You can determine polarity by a "kick" test,you need an analog voltmeter set to D.C. volts to do this.Hook up the voltmeter to one of the secondaries making note of which transformer wire goes to the voltmeter + lead.Then momentarily touch a 1.5 volt battery to the primary leads again making note of which transformer lead touches the battery + terminal.The voltmeter needle will either move up the scale briefely or down scale(peg at zero).If the voltmeter kicks upscale then the primary and secondary wires attatched to the voltmeter + lead and the battery + terminal are "in polarity" ie: dotted. You can then repeat the test moving the voltmeter to the other secondary (don't reverse the battery to the primary leads) and repeat the test. If the voltmeter kicks up then whatever secondary lead is connected to the votmeter + is in polarity.But as others have said it doesn't really matter in your situation.
 
Watch you don’t zap yourself doing the “kick test”. Yes, even with a AA cell battery any inductor can nail you if you manage to become series connected with it when it turns off. Harmless for the most part, but you could hurt yourself falling out of your chair, slamming your hand into something, or dropping the soldering iron into your lap.

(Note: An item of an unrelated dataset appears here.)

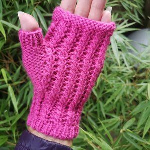 Candy Pink HandKnit Fingerless Texting Gloves Mittens Glovelet Rose Bonbon

The only time it really matters which phase the primary is in is if you series or parallel secondaries of two identical trafos. Use a dim bulb tester when you do that, until you get it clearly marked.
 
Hello all,

The phase identification is solved. But now it has another thing: at primary the (slow) 1.6A fuse blows "every now and then", even with no load (secondary disconnected)...

I've seen people placing a thermistor between the fuse and the primary of the toroid to attenuates the inrush current, but I'm not sure which one (value) to pick for this 300VA xformer.